I keep exploring the landscape, enjoying all the sights and sounds on the planet. Not only is everything beautifully described, but there are ton of animals moving around dynamically with what appears some very complex AI behaviour. Deer like animals run through the forest, eating the plants; beavers build dams; rabbits play in their burrows. Also, you seem to have some kind of telepathic ability allowing you to sense the emotions of the other animals from afar, and even read their minds on occasion. All this contributes to making the environment feel alive, and I thoroughly enjoyed just exploring and looking at all the animals.
Unfortunately, the world is just to bit too large for a Comp game, I think. There must be 20-25 locations and I never really properly got the lay of the land. Oh, and did I mention the fox? There is a ravenous fox like creature roaming the lands. Every time you encounter it, it will give chase, and you need to find a safe spot to hide from it. Whenever I was finally starting to figure out how the locations were connected, the fox would appear and I would get hopelessly lost, desperately typing random compass directions until I found one of the safe spots. This made exploring a lot less fun than it might otherwise have been, but I still enjoyed the sense of being part of a living ecosystem.
After exploring for a while, I suddenly realized that I had played the game for more than an hour, and made no progress whatsoever. I typed HELP and learned that the game implements no less than five helpful commands: ABOUT, HINTS, CREDITS, LICENSE and WALKTHROUGH. I’ve later learned that finding the HELP command was a stroke of good luck since it’s apparently the only way to learn about the walkthrough. For future releases, I recommend mentioning all the special commands in the ABOUT text.

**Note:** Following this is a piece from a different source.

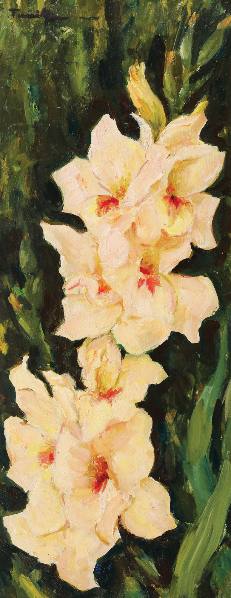 Armonist al formelor traduse prin culoare, pictorul Tonitza va acorda un studiu atent naturii, care i se va dezvălui de fiecare dată interesantă și instructivă. Pentru o înțelegere aprofundată a limbajului picturii artistul va prefera studiul liber al naturii pe timp de vară, atunci când culoarea se revarsă liber și luminos asupra formelor. În mijlocul naturii va întâlni florile, care își vor face apariția în repertoriul artistului începând cu anii ’20. Una din primele expozițiie în care remarcăm florile va fi expoziția comună „N. N. Tonitza – Ștefan Dimitrescu”, din ianuarie- februarie 1920, în cadrul căreia artistul avea să expună zece compoziții cu flori. O prezență fertilă a florilor o observăm și în preajma anilor 1935-1937, perioadă în care, timp de trei veri consecutive pictorul se va afla la Schitul Durău (Neamț), unde va picta în encaustică împreună cu elevii săi de la Academia de Arte Frumoase din Iași. Pe lângă lucrările realizate aici, artistul își va dedica timpul liber și studiului florilor. Rezultatul muncii sale va putea fi admirat în cadrul expozițiilor „Grupului celor patru”, precum și în cadrul expozițiilor personale, unde artistul avea să expună un număr semnificativ de compoziții și panouri cu flori („Trandafiri”, „Petunii”, „Trandafiri ghimpați”, „Gladiole”, „Crini” ș.a.). (G.M.)

The HINT system turned out to be so frustratingly vague as to be completely useless. The hints kept telling me to find the shuttle, but I had no idea where I was supposed to to go to accomplish this. Sometimes, I would the see the shuttle glinting in the distance, but there never seemed to be a way to get there. I only managed to find the way much later in the game, and it turns out that finding the shuttle isn’t necessary until the end-game, so why insist that the player do it right away?
When I finally turned to the walkthrough I learned that not only had I made no progress towards solving the first puzzle, I hadn’t even figured out what it was. The intro of the game did imply that I was supposed to drag dead animals to the Mother Tree, but since I am a harmless rabbit, I had no idea how to procure one. It turns out that I am supposed to lure a poor otter into a rabbit warren, and then collapse it, killing the otter, who had never done me any harm. I have absolutely no idea how I was supposed to figure this out on my own. Not only would it never have occurred to me to kill the otter in this way, but I hadn’t even realized I was supposed to try. The game gives you no hint that turning into an otter might be useful at this point. It’s simply the only animal you are capable of killing.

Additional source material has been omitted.